I've come to appreciate turning in drafts to our professors here. If it weren't for those deadlines, there is a good chance that I may not have been as far into the paper as I am right now. The kind of drafting we are doing is pretty close to the second definition of the transitive verb form: "[drawing] the preliminary sketch, version, or plan of" (MWOD). But I'd like to think of them as being closest to the fifth definition of the noun form, which calls a draft a scheme. It's true--we are scheming! We have each found projects and topics that excite the kind of passion in us that independent research fosters. The scheming comes in when we work to get others excited about the project, and prove to them that our arguments are worth reading and discussing.
I was working on this week's thirty-page draft today when I first thought to myself, "What does it even *mean* to draft?!" There is a very simple way to answer that question. But that's no fun. So, quite naturally, I looked up the word's definition. Finding out that I needed to scroll down the page to read all of the definitions, I started thinking about what some of these various drafts have meant for me this semester.
I can identify with definitions 1-6, 9, and 11-13 of the noun form, and definitions 1 and 2 of the verb form. (Some of the identifications are a stretch, but where there's a will, there's a way. Many of the definitions use terms that make it so easy to use creative liberties.)
The thirty-page draft is due in T minus five days. The forty-page draft is due in T minus fifteen days. The paper is due in T minus twenty-nine days.
This program offers us many worlds. Not only are we writing these research papers, but we are living in a fabulous city, taking a seminar with great professors, spending a semester away from our campuses (and becoming familiar with what that even means for--and to--us), and experiencing some serious intellectual growth, to name a few things. But still, especially these days, I'm missing many of the great people in my life.
I missed my grandmother's call on Sunday, because I was out to dinner at an excellent Ethiopian restaurant with six other people in the program. Being the sports fanatic that she is, my grandmother left a message letting me know that her Cleveland Cavaliers were going to beat my Chicago Bulls. My immediate response when I called her back was, "When exactly did they become my Chicago Bulls? and does that mean that, somehow, I've lost my status as a Clevelander because I've been away?" She laughed.
In a little under five weeks, on a Sunday, I'll be back in Cleveland.
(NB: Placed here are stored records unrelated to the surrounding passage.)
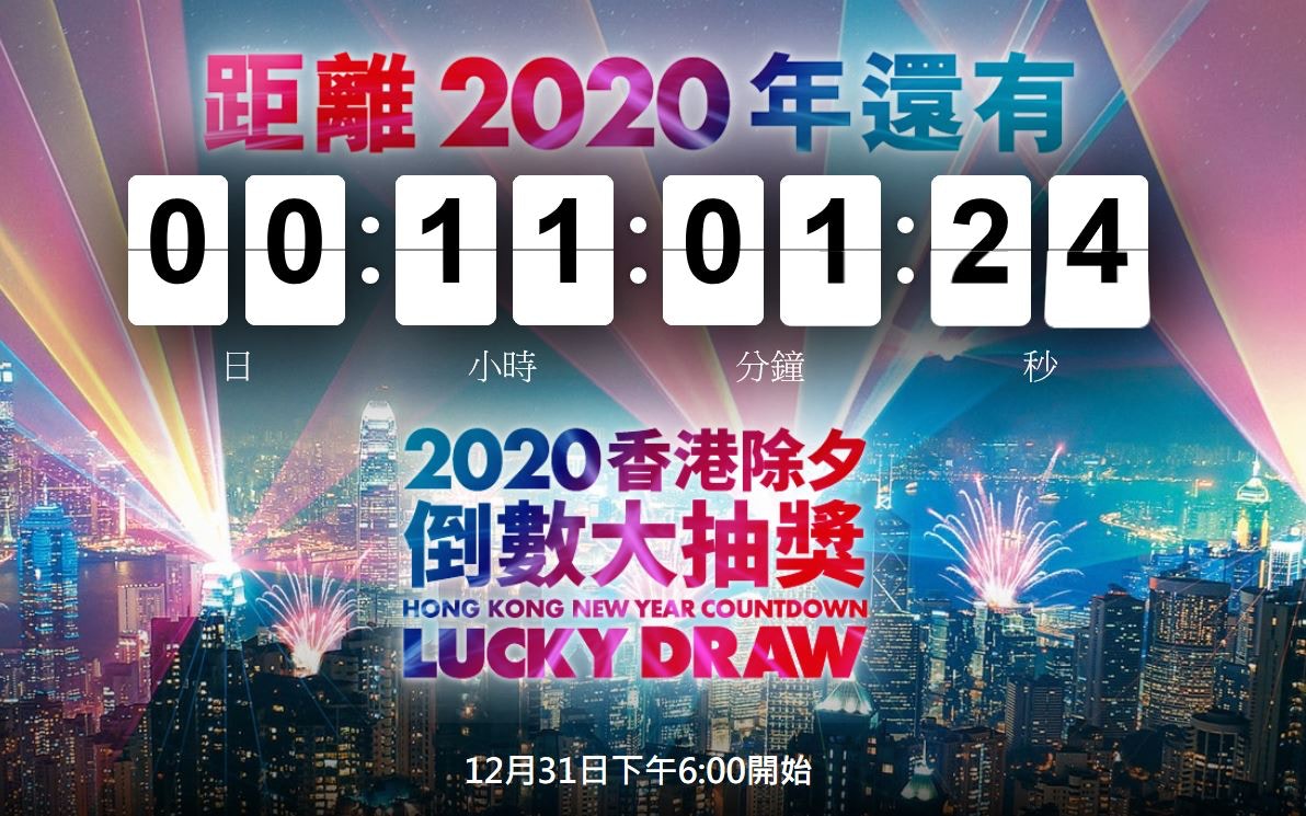 旅發局於除夕夜(12月31日)舉行「2020香港除夕倒數大抽獎」,在港市民及旅客均可爭奪總值400萬元獎品,當中包括國泰來回機票及iPhone 11 Pro Max等。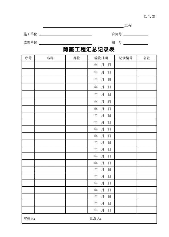 表格名称:D.1.21 隐蔽工程汇总记录表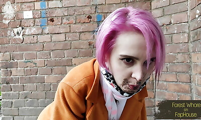 Pissed in face: punk nymph gets piss in piercing throat - outdoor!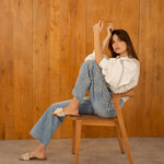 Coupe : Pantalon en jean taille haute à la coupe droite légèrement évasée, longueur cheville pour une silhouette élancée et féminine.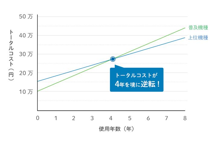 ダイキン14畳のエアコン2機種(普及機種と上位機種)は、本体価が約5万円違いますが、ランニングコストの差で約4年後にはトータルコストが逆転します。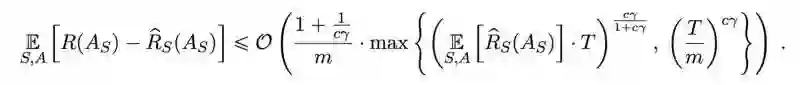 其中是训练集的大小,是训练步数,表示初始点曲率如何影响稳定性。这就引出了至少两个结论。首先,围绕初始点(initialization point)的目标函数的曲率具有决定性的影响。从更为平缓有较低风险区域的一个点开始,应该会产生更高的稳定性,即更快的泛化。在实践中选择初始化参数时,这会是一个很好的预筛选策略。其次,考虑到全面通过,即,我们将界限简化为。也就有了更大的训练集,而更小的泛化能力降低。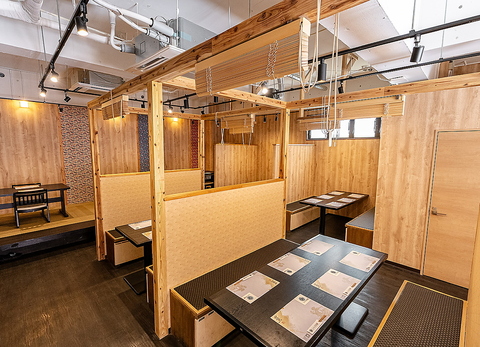 小上がりテーブル・テーブル・個室完備◎お子様・団体様でもゆっくりとお寛ぎいただけます。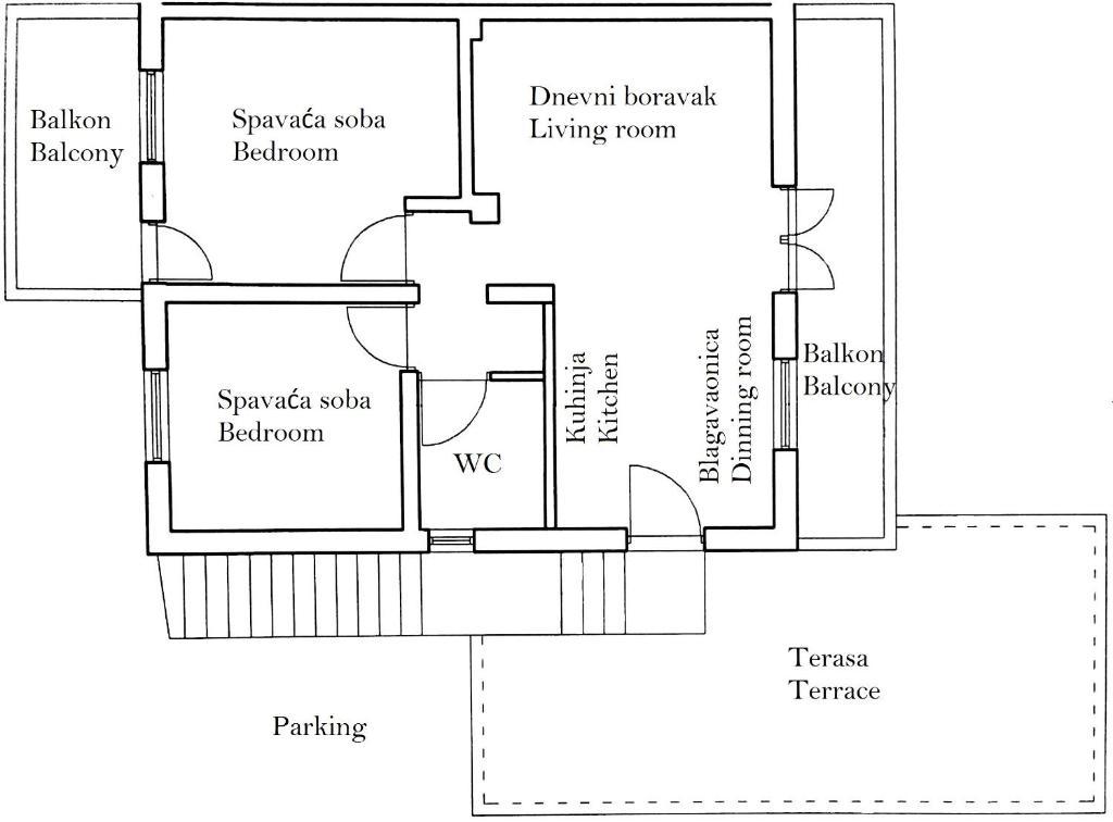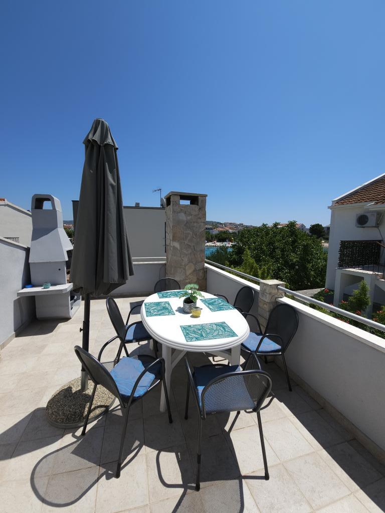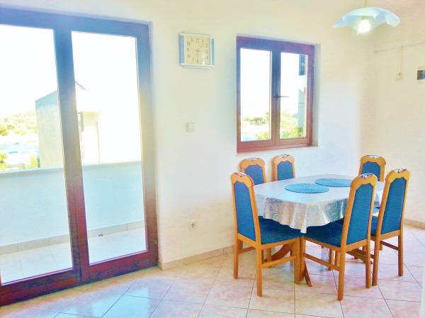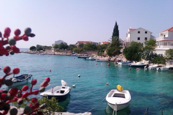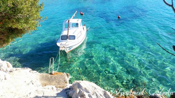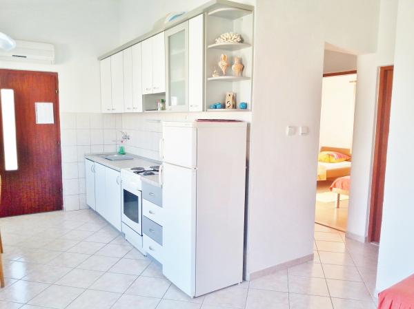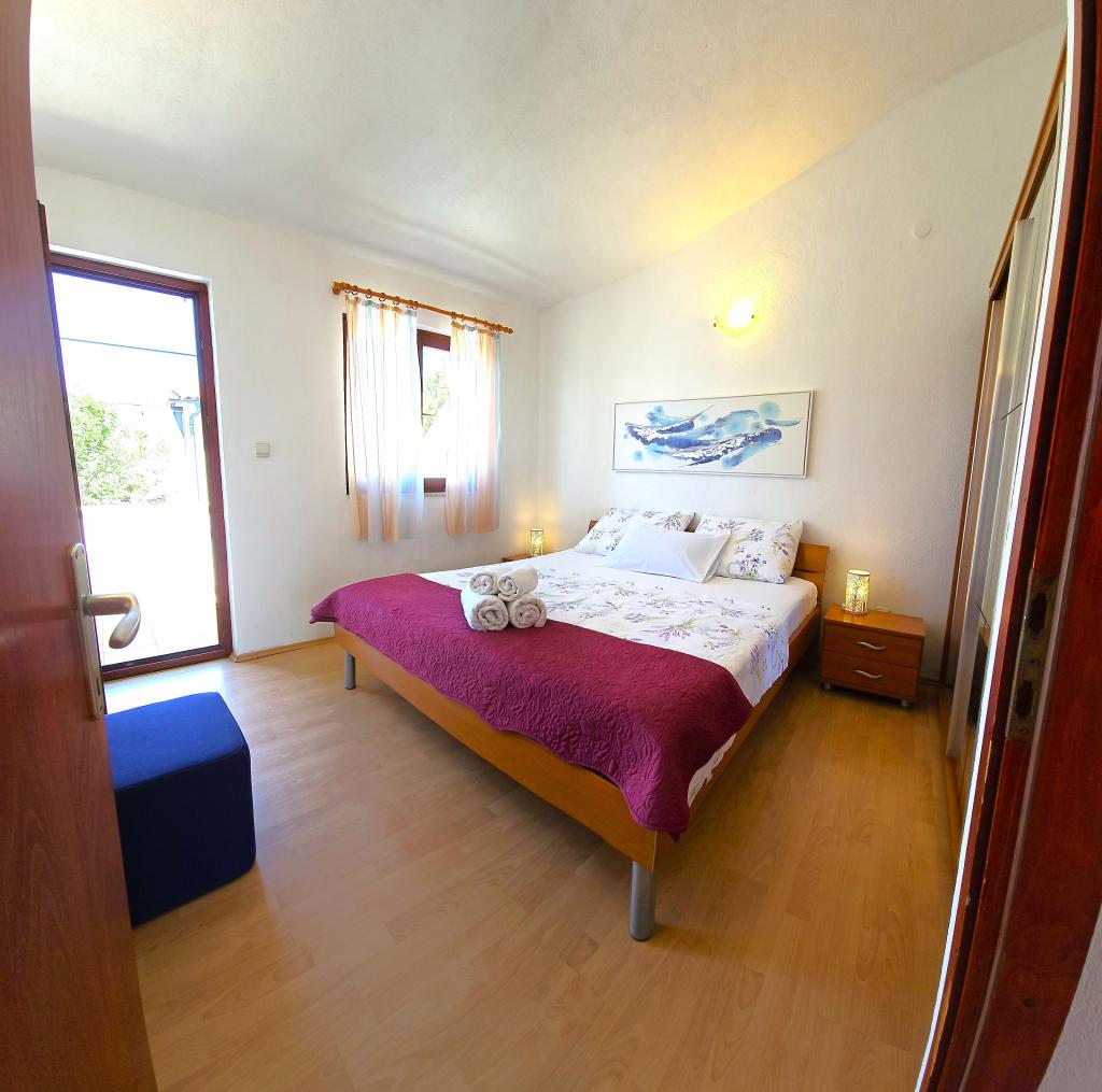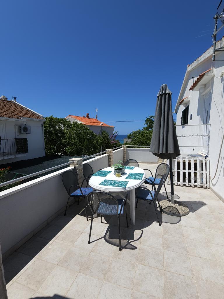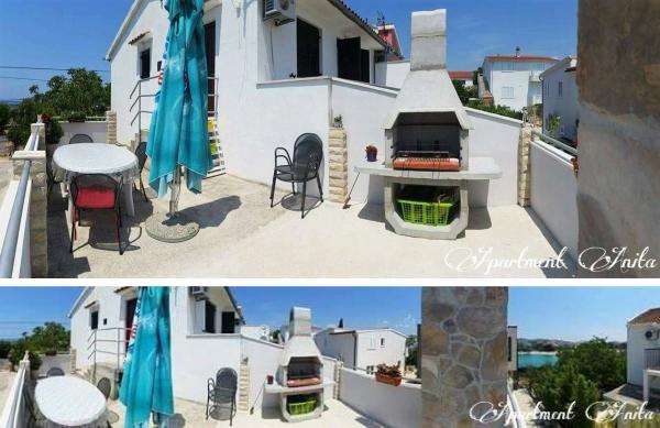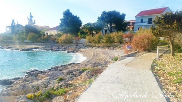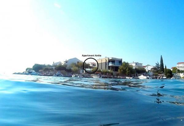 Apartma Anita se nahaja v mirnem okolju. V prvem nadstropju boste imeli čudovit pogled na morje z vseh treh strani apartmaja in ne na glavni cesti. Apartma je 65 m2 in ima dva balkona in teraso. Apartma ima dve sobi (ena je dvoposteljna soba, druga ima dve enojni postelji), kopalnico, kuhinjo in udobno dnevno sobo s klimo in pametno satelitsko televizijo. Apartma na vhodu ima veliko teraso s senčnikom, sedežno površino in žarom. Apartma ima brezplačen internet. Eno parkirno mesto je pred hišo. Oddaljenost od morja in plaže je 20 m, najbližja trgovina pa je 100 m. Različne plaže so od prodnate do skalnate in betonirane. Najlepši so kamenčki, kjer lahko najdete naravno senco dreves ali če želite, lahko uporabite naše sončnike za plažo.

Today, when I realized that our time here is winding down, I got really sad. I've met some great people here, and it will be weird to not be around them once this program is over.
I'm already finding comfort in the fact that, for at least a few weeks, I'll be going back to some of the things and people I've missed the most.
This evening, four of us watched The Sting, and, as always, we laughed and joked with one another, while still managing to pay close attention to the movie. I'm already missing these small types of things with this group of people, and I'm not even gone yet.
On another note, I won't miss the significant draft (henh. Forgive me, but it's true!) that comes through my window, even though it's closed. Partly because I'm anticipating the warmth that being around my closest friends from Ohio will bring me, just before I head off to do this thing all over again in England.

3 comments:
I cant wait for you to come back to THE LAND. we can go to quaker steak like we used to.
Yessss!
Oh, man! I think about those days often. We would get off of work, and about nine of us would make a late night trip to eat at Quaker Steak!
Do you remember when I tried that Atomic Wing?!
how can i forget that when your lip was swollen for 2 days!!!!!